Optional techniques (use when explicitly requested):

Property-based testing: Generate tests with random/fuzzed inputs (Go: testing/quick, Python: hypothesis)
Table-driven tests: Convert multiple similar tests to data-driven approach when 3+ tests share the same structure

Run the test:

go test ./... -v -run TestNewFeature          # Go
pytest tests/test_feature.py::test_name -v    # Python
npm test -- --testNamePattern="new feature"   # JavaScript

Show the full test runner output -- never summarize test results, because summarization hides warnings, partial failures, and unexpected output that reveal problems early.

RED Phase Gate

Do NOT proceed to the GREEN phase until all of these are true:

Test file is created and saved
Test has been executed
Test output shows FAILURE (not syntax/import error)
Failure message indicates missing implementation

Phase 2: Verify Failure Reason (RED Verification)

The test must fail because the feature is not implemented, NOT because of syntax errors, import errors, wrong test setup, or unrelated failures.
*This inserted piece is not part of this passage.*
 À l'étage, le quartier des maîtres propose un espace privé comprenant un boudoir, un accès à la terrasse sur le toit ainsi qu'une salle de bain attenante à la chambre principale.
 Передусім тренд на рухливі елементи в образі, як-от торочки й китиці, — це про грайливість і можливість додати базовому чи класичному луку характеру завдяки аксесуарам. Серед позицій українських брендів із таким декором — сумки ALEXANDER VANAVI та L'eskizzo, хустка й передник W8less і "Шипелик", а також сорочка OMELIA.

A test that fails for the wrong reason proves nothing about the missing feature and will pass for the wrong reason after implementation.

Execute test command and show the complete output
Verify failure reason -- confirm the error matches expected missing-implementation patterns:
- Go: --- FAIL: TestFeatureName with expected vs actual mismatch
- Python: AssertionError or AttributeError: module has no attribute
- JavaScript: Expected X but received undefined

If the test fails for the WRONG reason:

Fix the test setup/syntax
Re-run until it fails for the RIGHT reason (missing implementation)
Do NOT proceed until the failure clearly indicates "this feature does not exist yet"
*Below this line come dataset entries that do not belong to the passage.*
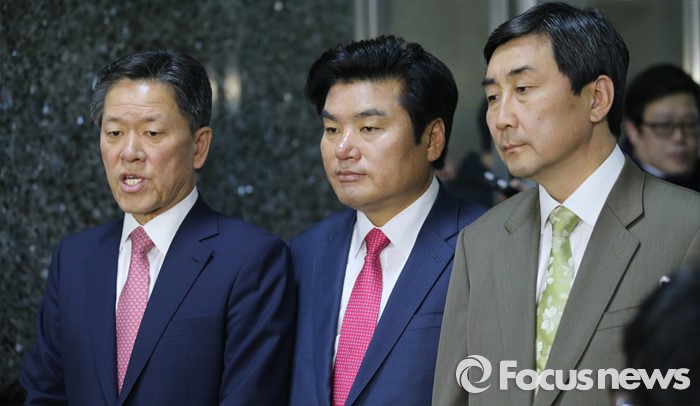 (서울=포커스뉴스) 정의화 국회의장 주재로 진행된 3당 원내대표 회동을 마친 원유철(가운데) 새누리당 원내대표, 이종걸(오른쪽) 더불어민주당 원내대표, 주승용 국민의당 원내대표가 18일 오전 서울 여의도 국회 의장집무실 앞에서 취재진 질문에 답하고 있다.
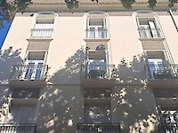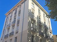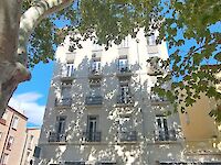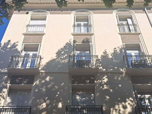 Très joliment ravalé dans un camaïeu de gris, cet immeuble, qui est l’extension et la surélévation d’un bâtiment plus ancien, marque bien un des angles de la place de Belgique et se raccorde avec délicatesse à l’immeuble voisin.
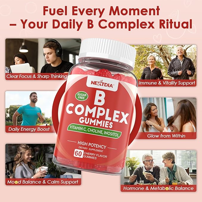 - Superior Potency Vitamin B Complex - Your body needs B-complex vitamins to function optimally. They supports functions such as energy production, metabolism, brain health, heart health and natural prenatal health. Our Nextdia’s formula delivers all 8 essential B vitamins B1, B2, B3, B5, B6, B7, B12 and folate. Also added vitamin C, zinc, choline and inositol, making it the most potent available gummies.
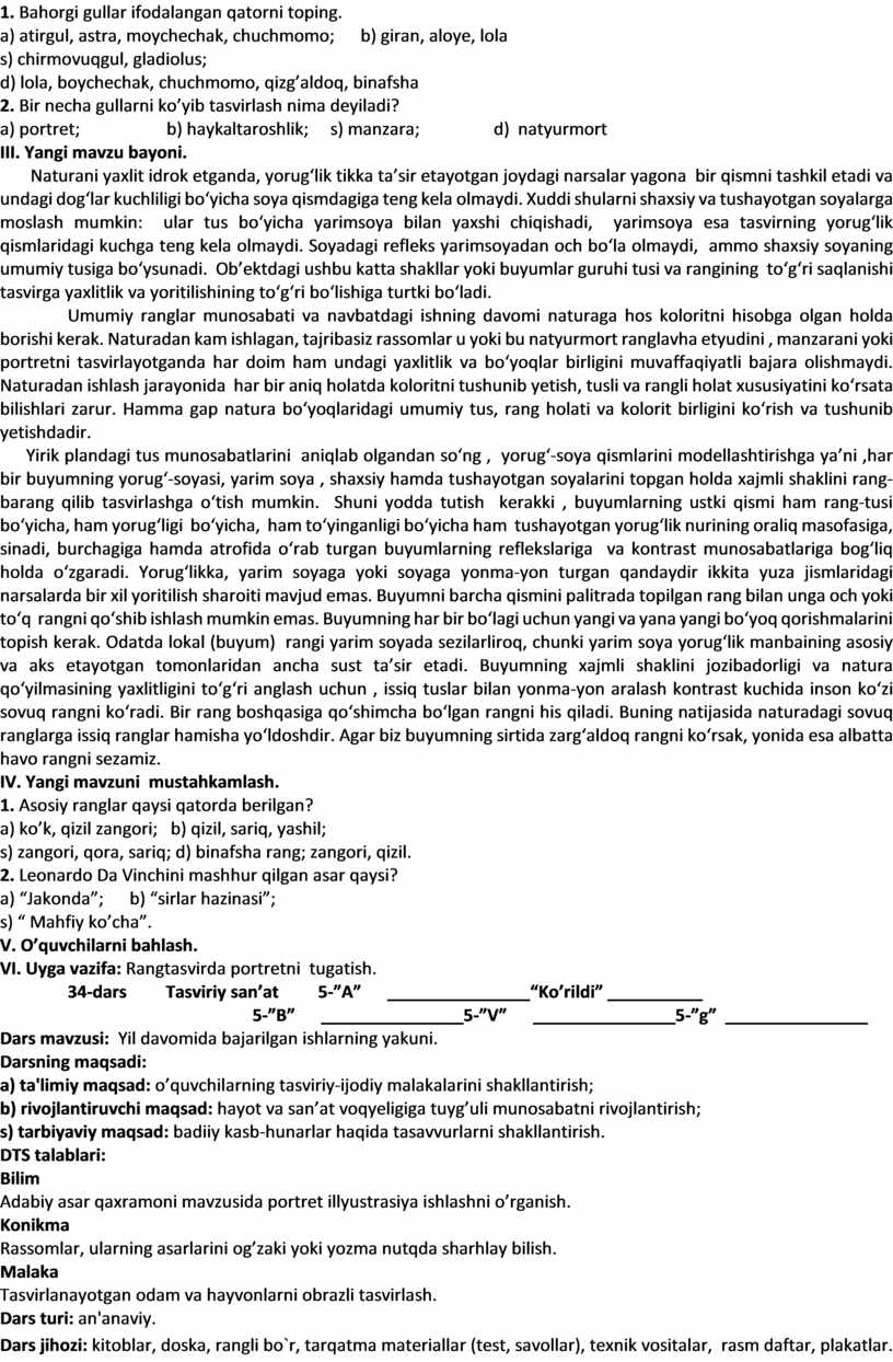 34-dars Tasviriy san’at 5-”A” _______________“Ko’rildi” __________
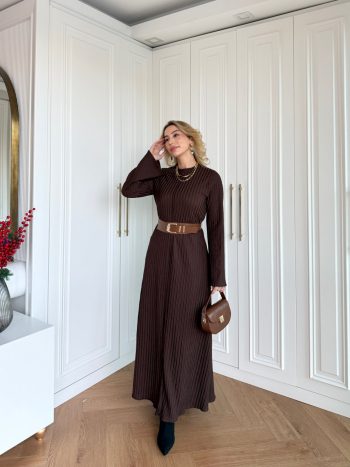 Elbise 1. Sınıf Parlak Efektli Örme Triko Kumaştır. Elbise Çıkarılabilir Kemer Detaylıdır. Elbise Bisiklet Yakalıdır. Elbise Yaka Arkasından Fermuarlıdır. Boy:
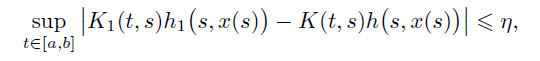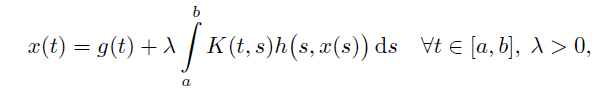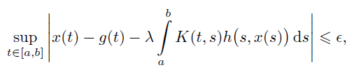Definition 14. Let .. .([a, b]) be the unique solution of the integral equation (19) and .. be the solution of the integral equation .(.) = .(.) + . ∫ b K .t, s). (s, x(.)) d. for all . ∈ [a, b], where . ∈ .[a, b] and .. : [a, b] ×R → [0, ∞), .. : [a, b] ×[a, b] → [0, ∞) are continuous mappings. The problem of data dependence is to find sup.∈[a,b] |..(.) − ..(.)|.

Phase 3: Implement Minimum Code (GREEN)

Write ONLY enough code to make the failing test pass. Implement nothing beyond what the test demands, because untested code paths are invisible liabilities -- they cannot be verified, they rot silently, and they complicate future refactoring.

Minimal implementation -- the simplest code that satisfies the test
No extra features -- do not implement behavior not covered by tests. First make it work, then make it right
Hardcoded values are OK initially -- a hardcoded return that passes the test is better than a generic algorithm that also handles untested cases

Wrong (over-engineering in GREEN phase):

// Test only requires simple addition
func TestCalculator_AddTwoNumbers(t *testing.T) {
    calc := NewCalculator()
    result := calc.Add(2, 3)
    assert.Equal(t, 5, result)
}

// But implementation adds unnecessary complexity
type Calculator struct {
    operations map[string]func(float64, float64) float64
    precision  int
    history    []Operation
}

Correct (implement only what is tested):

type Calculator struct{}

func (c *Calculator) Add(a, b int) int {
    return a + b
}
// Add complexity ONLY when a test requires it

Phase 4: Verify Test Passes (GREEN Verification)

Run the test and show the complete output. Never summarize -- the full output reveals warnings, deprecation notices, and timing issues that summaries hide.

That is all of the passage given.